▶ **ENTRIES PROVIDED**
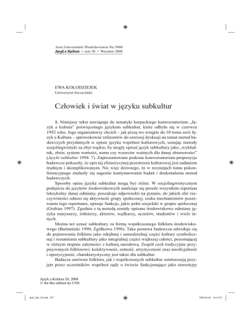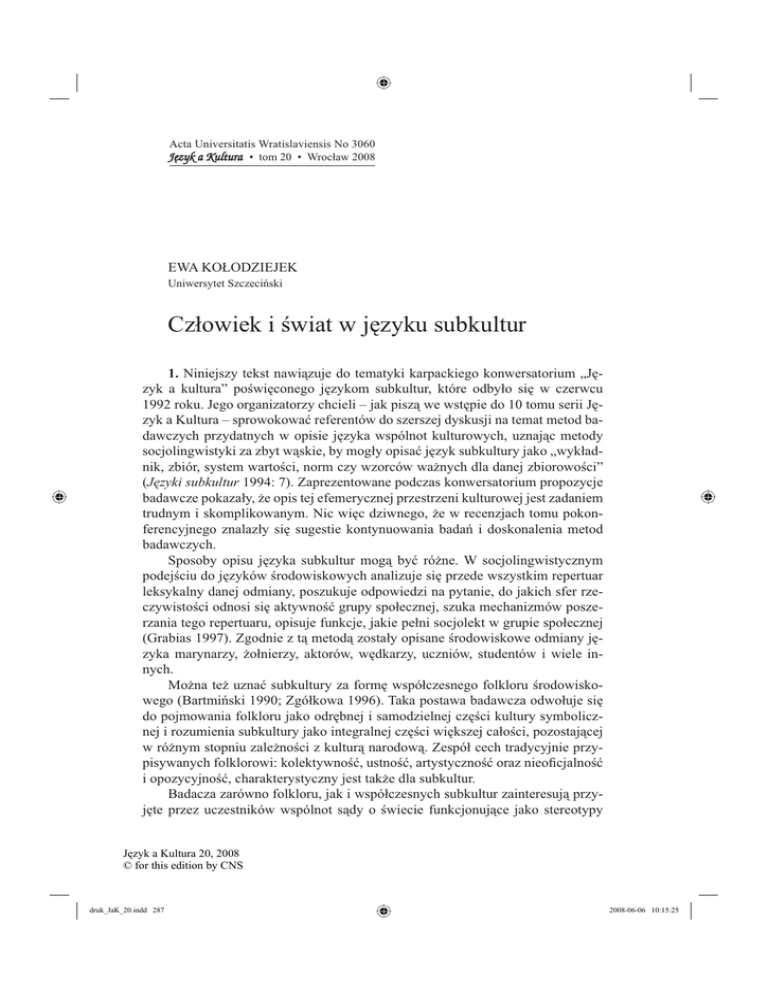 Acta Universitatis Wratislaviensis No 3060 Jêzyk a Kultura • tom 20 • Wrocław 2008 EWA KOŁODZIEJEK Uniwersytet Szczeciński Człowiek i świat w języku subkultur 1. Niniejszy tekst nawiązuje do tematyki karpackiego konwersatorium „Język a kultura” poświęconego językom subkultur, które odbyło się w czerwcu 1992 roku. Jego organizatorzy chcieli – jak piszą we wstępie do 10 tomu serii Język a Kultura – sprowokować referentów do szerszej dyskusji na temat metod badawczych przydatnych w opisie języka wspólnot kulturowych, uznając metody socjolingwistyki za zbyt wąskie, by mogły opisać język subkultury jako „wykładnik, zbiór, system wartości, norm czy wzorców ważnych dla danej zbiorowości” (Języki subkultur 1994: 7). Zaprezentowane podczas konwersatorium propozycje badawcze pokazały, że opis tej efemerycznej przestrzeni kulturowej jest zadaniem trudnym i skomplikowanym. Nic więc dziwnego, że w recenzjach tomu pokonferencyjnego znalazły się sugestie kontynuowania badań i doskonalenia metod badawczych. Sposoby opisu języka subkultur mogą być różne. W socjolingwistycznym podejściu do języków środowiskowych analizuje się przede wszystkim repertuar leksykalny danej odmiany, poszukuje odpowiedzi na pytanie, do jakich sfer rzeczywistości odnosi się aktywność grupy społecznej, szuka mechanizmów poszerzania tego repertuaru, opisuje funkcje, jakie pełni socjolekt w grupie społecznej (Grabias 1997). Zgodnie z tą metodą zostały opisane środowiskowe odmiany języka marynarzy, żołnierzy, aktorów, wędkarzy, uczniów, studentów i wiele innych. Można też uznać subkultury za formę współczesnego folkloru środowiskowego (Bartmiński 1990; Zgółkowa 1996). Taka postawa badawcza odwołuje się do pojmowania folkloru jako odrębnej i samodzielnej części kultury symbolicznej i rozumienia subkultury jako integralnej części większej całości, pozostającej w różnym stopniu zależności z kulturą narodową. Zespół cech tradycyjnie przypisywanych folklorowi: kolektywność, ustność, artystyczność oraz nieoficjalność i opozycyjność, charakterystyczny jest także dla subkultur. Badacza zarówno folkloru, jak i współczesnych subkultur zainteresują przyjęte przez uczestników wspólnot sądy o świecie funkcjonujące jako stereotypy Język a Kultura 20, 2008 © for this edition by CNS druk_JaK_20.indd 287 2008-06-06 10:15:25 288 EWA KOŁODZIEJEK werbalne (formuły) utrwalone w specyficznym dla grupy języku obejmującym obszary rzeczywistości ważne dla członków wspólnoty, a także inne przejawy wspólnotowości: gesty, zachowania etykietalne, praktyki magiczne, elementy kultury materialnej. Zarysowane w ten sposób pole badawcze zbliża folklorystykę do nowocześnie pojmowanej etnolingwistyki, która dąży do opisania, jak w języku wspólnoty konceptualizuje się rzeczywistość, jak użytkownicy tego języka postrzegają świat, jak go wartościują i jakie postawy wobec świata w nim utrwalają. Taka postawa ma oparcie w dziewiętnastowiecznym językoznawstwie niemieckim, w teoriach Johanna G. Herdera, Wilhelma von Humboldta czy Leo Weisgerbera, w ich myśli o aktywnej roli języka w poznawaniu świata, o języku jako akumulatorze doświadczeń społecznych kształtującym widzenie świata, a także w koncepcjach języka i kultury Edwarda Sapira i Benjamina Lee Whorfa, dla których język jest aspektem kultury, doskonałym systemem symbolicznym, narzędziem wszelkich odniesień i znaczeń dostępnych w danej kulturze zarówno w sferze komunikacji, jak i w formach myślenia. Językowy obraz świata, będący pewną strukturą pojęciową utrwaloną we właściwościach gramatycznych i semantycznych danego języka, za pomocą której mówiący ujmują świat (Grzegorczykowa 1990: 43 i n.), może być zarówno obrazem jednostkowym (Wojciechowska 2000), obrazem pewnej grupy wiekowej (Językowy obraz... 1995), jak i obrazem wspólnoty narodowej (Bartmiński 2001). Może być także obrazem wspólnoty subkulturowej. Moją propozycją opisu współczesnych subkultur jest książka Człowiek i świat w języku subkultur (2005) będąca językowym obrazem pięciu wspólnot: przestępczej, żołnierskiej, kibiców piłkarskich, hip-hopu i studentów (ich syntetyczny opis przedstawiam w niniejszym tekście). Postawa badawcza, jaką przyjęłam, rekonstruując utrwaloną w języku wizję człowieka i świata, jest zbieżna z antropologicznymi zasadami oglądu kultury i języka polegającymi na zachowaniu obiektywizmu opisu zjawisk, nienarzucaniu im własnej skali wartości i własnego systemu pojęciowego. Takie założenie było niezbędne, gdyż należało znaleźć sposoby analizy subkultur różnorodnych jakościowo znajdujących się często na różnych biegunach społecznej skali wartości: z jednej strony dla budzącej negatywne oceny grypsery więziennej, subkultury stadionów piłkarskich i żołnierskiej „fali”, z drugiej zaś dla symbiotycznej wobec normy ogólnospołecznej subkultury hip-hopu i dla słabo wyróżniającej się subkultury studentów. Wspólną płaszczyzną stał się język, który jest podstawowym składnikiem i generatorem subkultury, konceptualizuje rzeczywistość zgodnie z przyjętymi przez grupę normami, kreuje tę rzeczywistość, przenosi uznawane przez społeczność wartości. W języku grupy utrwalona jest struktura społeczna, system ról społecznych, stereotypy i autostereotypy grupowe, rytuały i zachowania przesądne. Różnorodność opisywanej materii językowo-kulturowej miała wpływ na wybór zastosowanych metod badawczych. Nie rezygnowałam z żadnej możliwości metodologicznej, rozpatrywałam zachowania grup subkulturowych szeroko, Język a Kultura 20, 2008 © for this edition by CNS druk_JaK_20.indd 288 2008-06-06 10:15:25 Człowiek i świat w języku subkultur 289 z kilku perspektyw jednocześnie, podporządkowując wybór metod i narzędzi opisu specyfice 
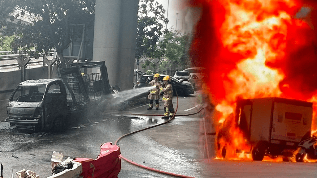 葵涌貨櫃碼頭停車場貨車陷火海 疑為非法加油站 正追緝女車主
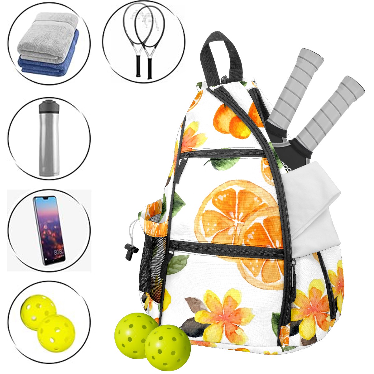 Multifunctional Pickleball Bag,Large Capacity Sports Pickleball Racket Bag, Water Bottle Holder and Fence Hook,Suitable for Both Men Women -Fruit Orange
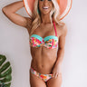Tropic-like-it's haute in this paradise ready bikini! This floral printed bandeau-style bikini top features molded underwire cups that offer you great support & the perfect push-up, & a strappy back that ties.
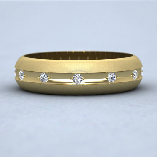 Wedding Ring With Concave Groove Set With Twelve Diamonds 6mm Wide In 14ct Yellow Gold
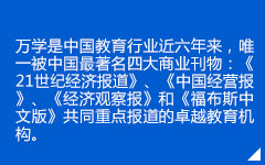 自诞生之日起,万学凭借不同寻常的科学精神与教育智慧,连续荣获了中国权威机构和著名媒体的多项顶级嘉奖与最高评估,从技术、质量到规模一举超越了五十七万家教育机构,从而打破中国教育行业50年历史记录。
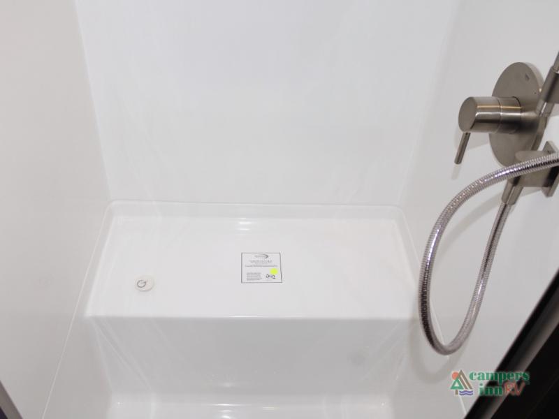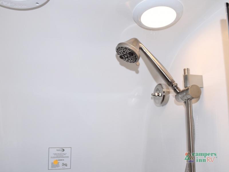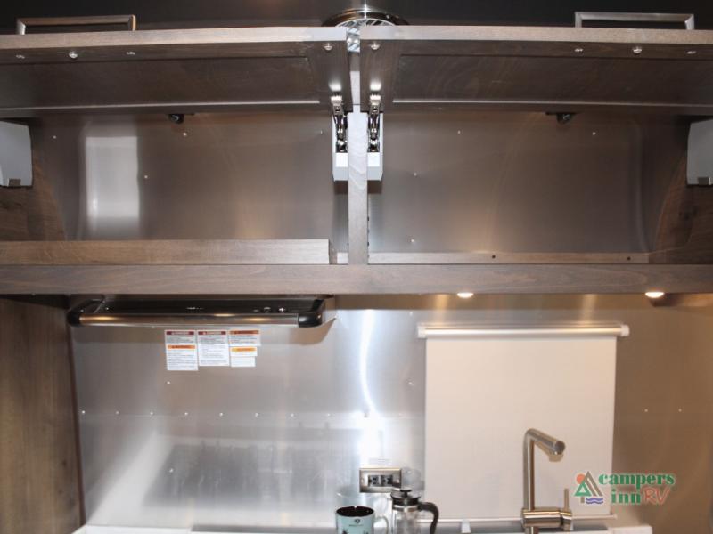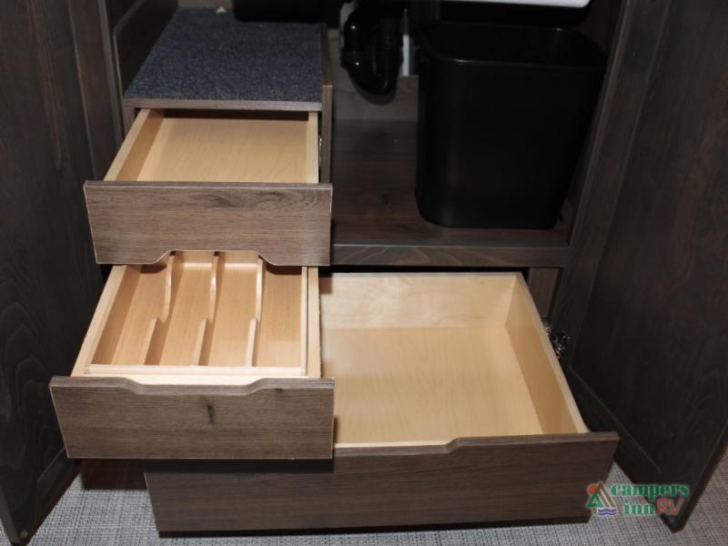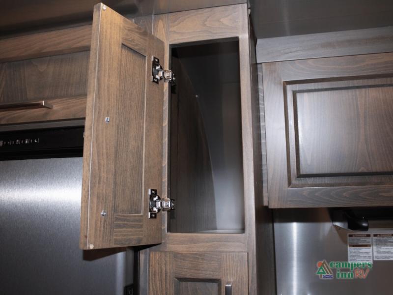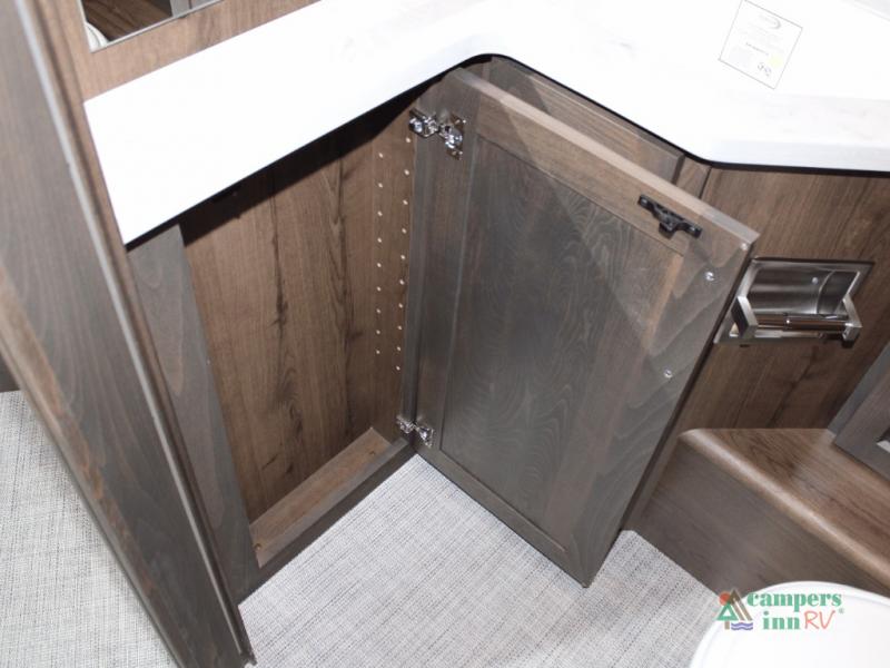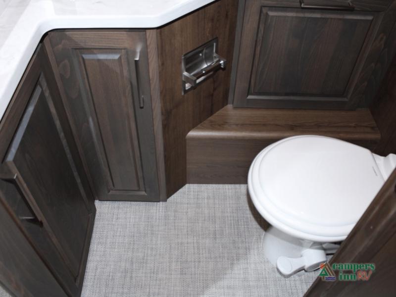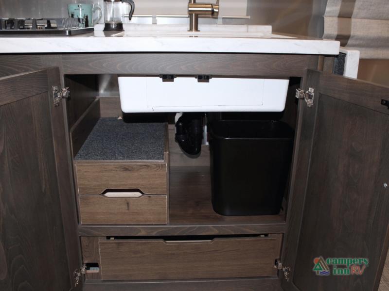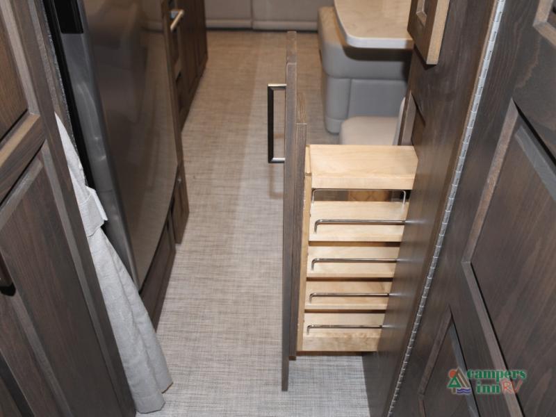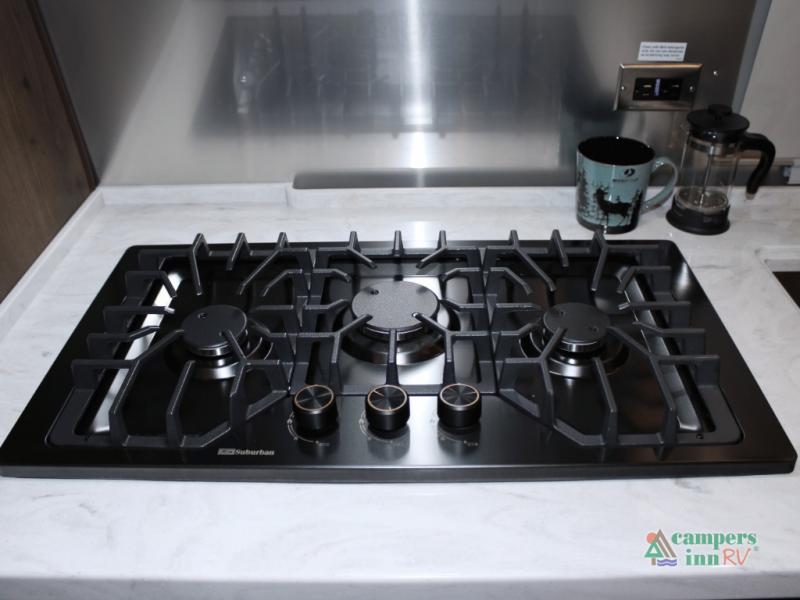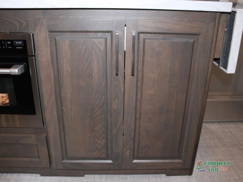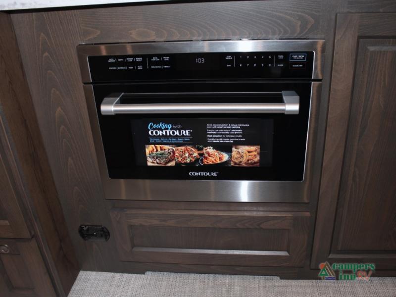 Cook in style with a three-burner cooktop, convection microwave, and an 8.2 cu. ft. 12V refrigerator that keeps your ingredients fresh and your meals delicious. The premium kitchen is crafted with top-tier appliances and handcrafted hardwood cabinetry, blending style with function.
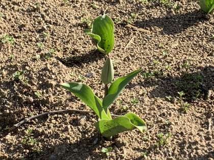 おはようございます。朝の様子です。 チューリップの花芽も伸びてきました。
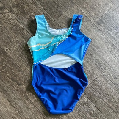 This leo is well made and very cute. The design of the open back was the final push I needed to order this. The colors (blues, turquoise and pops of gold) look really good together. The adult small fit my 4’10” 11year old great. A little room to grow, not too tight. This is our first leo from this brand but will buy again.
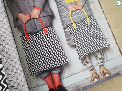 - Zwart-witte tas met grafische print gehaakt met de tapestry techniek
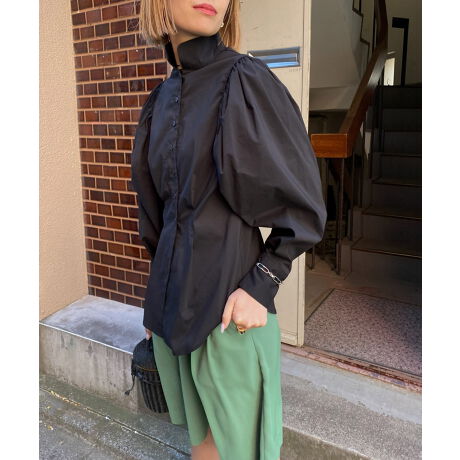 肩周りにたっぷりとタックを施し、モードなパワーショルダーを表現。

▶ **EXERCISE INSTRUCTIONS**
The whole listing above is to be printed exactly; the pictures stay out.

▶ **TASK OUTPUT**
 Acta Universitatis Wratislaviensis No 3060 Jêzyk a Kultura • tom 20 • Wrocław 2008 EWA KOŁODZIEJEK Uniwersytet Szczeciński Człowiek i świat w języku subkultur 1. Niniejszy tekst nawiązuje do tematyki karpackiego konwersatorium „Język a kultura” poświęconego językom subkultur, które odbyło się w czerwcu 1992 roku. Jego organizatorzy chcieli – jak piszą we wstępie do 10 tomu serii Język a Kultura – sprowokować referentów do szerszej dyskusji na temat metod badawczych przydatnych w opisie języka wspólnot kulturowych, uznając metody socjolingwistyki za zbyt wąskie, by mogły opisać język subkultury jako „wykładnik, zbiór, system wartości, norm czy wzorców ważnych dla danej zbiorowości” (Języki subkultur 1994: 7). Zaprezentowane podczas konwersatorium propozycje badawcze pokazały, że opis tej efemerycznej przestrzeni kulturowej jest zadaniem trudnym i skomplikowanym. Nic więc dziwnego, że w recenzjach tomu pokonferencyjnego znalazły się sugestie kontynuowania badań i doskonalenia metod badawczych. Sposoby opisu języka subkultur mogą być różne. W socjolingwistycznym podejściu do języków środowiskowych analizuje się przede wszystkim repertuar leksykalny danej odmiany, poszukuje odpowiedzi na pytanie, do jakich sfer rzeczywistości odnosi się aktywność grupy społecznej, szuka mechanizmów poszerzania tego repertuaru, opisuje funkcje, jakie pełni socjolekt w grupie społecznej (Grabias 1997). Zgodnie z tą metodą zostały opisane środowiskowe odmiany języka marynarzy, żołnierzy, aktorów, wędkarzy, uczniów, studentów i wiele innych. Można też uznać subkultury za formę współczesnego folkloru środowiskowego (Bartmiński 1990; Zgółkowa 1996). Taka postawa badawcza odwołuje się do pojmowania folkloru jako odrębnej i samodzielnej części kultury symbolicznej i rozumienia subkultury jako integralnej części większej całości, pozostającej w różnym stopniu zależności z kulturą narodową. Zespół cech tradycyjnie przypisywanych folklorowi: kolektywność, ustność, artystyczność oraz nieoficjalność i opozycyjność, charakterystyczny jest także dla subkultur. Badacza zarówno folkloru, jak i współczesnych subkultur zainteresują przyjęte przez uczestników wspólnot sądy o świecie funkcjonujące jako stereotypy Język a Kultura 20, 2008 © for this edition by CNS druk_JaK_20.indd 287 2008-06-06 10:15:25 288 EWA KOŁODZIEJEK werbalne (formuły) utrwalone w specyficznym dla grupy języku obejmującym obszary rzeczywistości ważne dla członków wspólnoty, a także inne przejawy wspólnotowości: gesty, zachowania etykietalne, praktyki magiczne, elementy kultury materialnej. Zarysowane w ten sposób pole badawcze zbliża folklorystykę do nowocześnie pojmowanej etnolingwistyki, która dąży do opisania, jak w języku wspólnoty konceptualizuje się rzeczywistość, jak użytkownicy tego języka postrzegają świat, jak go wartościują i jakie postawy wobec świata w nim utrwalają. Taka postawa ma oparcie w dziewiętnastowiecznym językoznawstwie niemieckim, w teoriach Johanna G. Herdera, Wilhelma von Humboldta czy Leo Weisgerbera, w ich myśli o aktywnej roli języka w poznawaniu świata, o języku jako akumulatorze doświadczeń społecznych kształtującym widzenie świata, a także w koncepcjach języka i kultury Edwarda Sapira i Benjamina Lee Whorfa, dla których język jest aspektem kultury, doskonałym systemem symbolicznym, narzędziem wszelkich odniesień i znaczeń dostępnych w danej kulturze zarówno w sferze komunikacji, jak i w formach myślenia. Językowy obraz świata, będący pewną strukturą pojęciową utrwaloną we właściwościach gramatycznych i semantycznych danego języka, za pomocą której mówiący ujmują świat (Grzegorczykowa 1990: 43 i n.), może być zarówno obrazem jednostkowym (Wojciechowska 2000), obrazem pewnej grupy wiekowej (Językowy obraz... 1995), jak i obrazem wspólnoty narodowej (Bartmiński 2001). Może być także obrazem wspólnoty subkulturowej. Moją propozycją opisu współczesnych subkultur jest książka Człowiek i świat w języku subkultur (2005) będąca językowym obrazem pięciu wspólnot: przestępczej, żołnierskiej, kibiców piłkarskich, hip-hopu i studentów (ich syntetyczny opis przedstawiam w niniejszym tekście). Postawa badawcza, jaką przyjęłam, rekonstruując utrwaloną w języku wizję człowieka i świata, jest zbieżna z antropologicznymi zasadami oglądu kultury i języka polegającymi na zachowaniu obiektywizmu opisu zjawisk, nienarzucaniu im własnej skali wartości i własnego systemu pojęciowego. Takie założenie było niezbędne, gdyż należało znaleźć sposoby analizy subkultur różnorodnych jakościowo znajdujących się często na różnych biegunach społecznej skali wartości: z jednej strony dla budzącej negatywne oceny grypsery więziennej, subkultury stadionów piłkarskich i żołnierskiej „fali”, z drugiej zaś dla symbiotycznej wobec normy ogólnospołecznej subkultury hip-hopu i dla słabo wyróżniającej się subkultury studentów. Wspólną płaszczyzną stał się język, który jest podstawowym składnikiem i generatorem subkultury, konceptualizuje rzeczywistość zgodnie z przyjętymi przez grupę normami, kreuje tę rzeczywistość, przenosi uznawane przez społeczność wartości. W języku grupy utrwalona jest struktura społeczna, system ról społecznych, stereotypy i autostereotypy grupowe, rytuały i zachowania przesądne. Różnorodność opisywanej materii językowo-kulturowej miała wpływ na wybór zastosowanych metod badawczych. Nie rezygnowałam z żadnej możliwości metodologicznej, rozpatrywałam zachowania grup subkulturowych szeroko, Język a Kultura 20, 2008 © for this edition by CNS druk_JaK_20.indd 288 2008-06-06 10:15:25 Człowiek i świat w języku subkultur 289 z kilku perspektyw jednocześnie, podporządkowując wybór metod i narzędzi opisu specyfice 
 葵涌貨櫃碼頭停車場貨車陷火海 疑為非法加油站 正追緝女車主
 Multifunctional Pickleball Bag,Large Capacity Sports Pickleball Racket Bag, Water Bottle Holder and Fence Hook,Suitable for Both Men Women -Fruit Orange
Tropic-like-it's haute in this paradise ready bikini! This floral printed bandeau-style bikini top features molded underwire cups that offer you great support & the perfect push-up, & a strappy back that ties.
 Wedding Ring With Concave Groove Set With Twelve Diamonds 6mm Wide In 14ct Yellow Gold
 自诞生之日起,万学凭借不同寻常的科学精神与教育智慧,连续荣获了中国权威机构和著名媒体的多项顶级嘉奖与最高评估,从技术、质量到规模一举超越了五十七万家教育机构,从而打破中国教育行业50年历史记录。
 Cook in style with a three-burner cooktop, convection microwave, and an 8.2 cu. ft. 12V refrigerator that keeps your ingredients fresh and your meals delicious. The premium kitchen is crafted with top-tier appliances and handcrafted hardwood cabinetry, blending style with function.
 おはようございます。朝の様子です。 チューリップの花芽も伸びてきました。
 This leo is well made and very cute. The design of the open back was the final push I needed to order this. The colors (blues, turquoise and pops of gold) look really good together. The adult small fit my 4’10” 11year old great. A little room to grow, not too tight. This is our first leo from this brand but will buy again.
 - Zwart-witte tas met grafische print gehaakt met de tapestry techniek
 肩周りにたっぷりとタックを施し、モードなパワーショルダーを表現。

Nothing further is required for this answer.